7n94; SNAP-derived features in text and JSON formats; DNAproDB

Class

hydrolase-DNA

Method

X-ray (2.85 Å)

Summary

Line-1 endonuclease domain complex with DNA

Reference

Miller I, Totrov M, Korotchkina L, Kazyulkin DN, Gudkov AV, Korolev S (2021): "Structural dissection of sequence recognition and catalytic mechanism of human LINE-1 endonuclease." Nucleic Acids Res., 49, 11350-11366. doi: 10.1093/nar/gkab826.

Abstract

Long interspersed nuclear element-1 (L1) is an autonomous non-LTR retrotransposon comprising ∼20% of the human genome. L1 self-propagation causes genomic instability and is strongly associated with aging, cancer and other diseases.

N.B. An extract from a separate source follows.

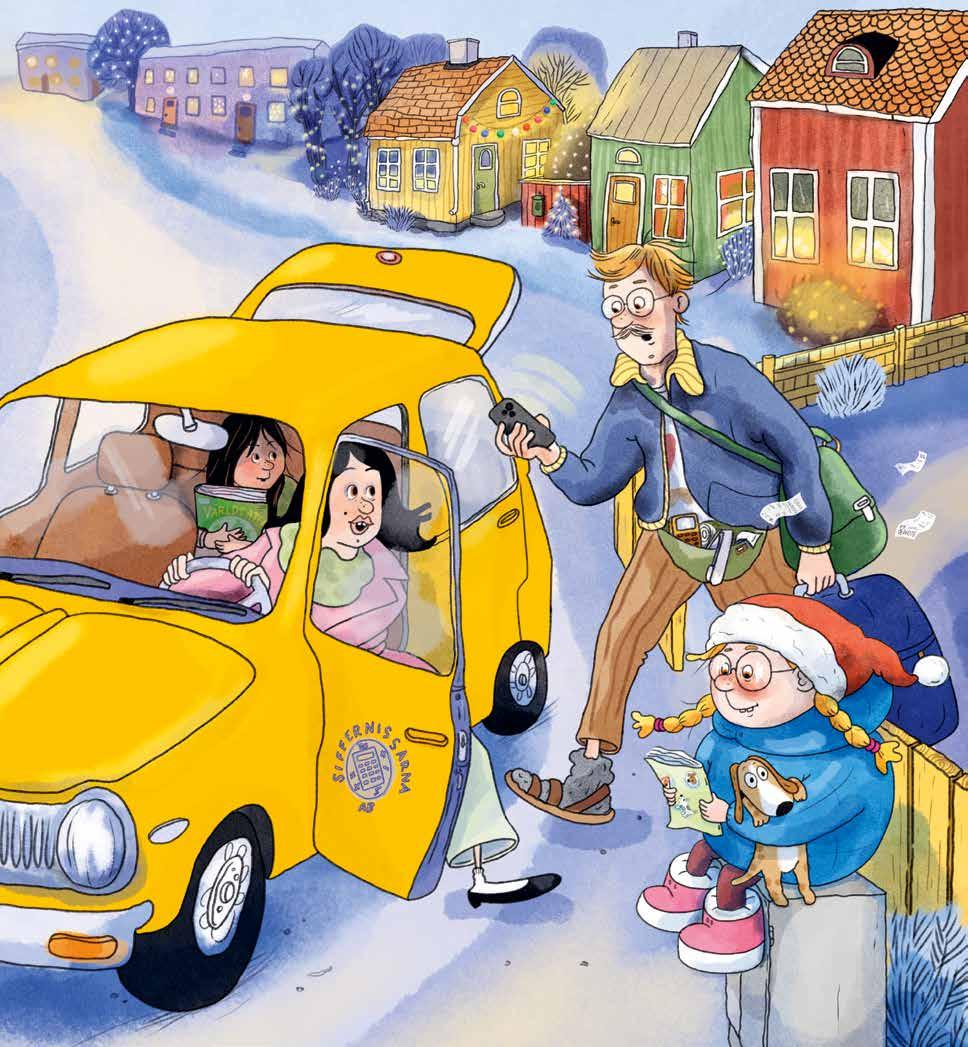 Pappa suckade och skyndade bort till bilen. Mamma ryckte loss ett stort tomteklistermärke med texten ”Det är jag bakom skägget”. Pappa ryggade tillbaka när han såg det. Men syrran skrattade.

The endonuclease domain of L1's ORFp2 protein (L1-EN) initiates de novo L1 integration by nicking the consensus sequence 5'-TTTTT/AA-3'. In contrast, related nucleases including structurally conserved apurinic/apyrimidinic endonuclease 1 (APE1) are non-sequence specific. To investigate mechanisms underlying sequence recognition and catalysis by L1-EN, we solved crystal structures of L1-EN complexed with DNA substrates. This showed that conformational properties of the preferred sequence drive L1-EN's sequence-specificity and catalysis. Unlike APE1, L1-EN does not bend the DNA helix, but rather causes 'compression' near the cleavage site. This provides multiple advantages for L1-EN's role in retrotransposition including facilitating use of the nicked poly-T DNA strand as a primer for reverse transcription. We also observed two alternative conformations of the scissile bond phosphate, which allowed us to model distinct conformations for a nucleophilic attack and a transition state that are likely applicable to the entire family of nucleases. This work adds to our mechanistic understanding of L1-EN and related nucleases and should facilitate development of L1-EN inhibitors as potential anticancer and antiaging therapeutics.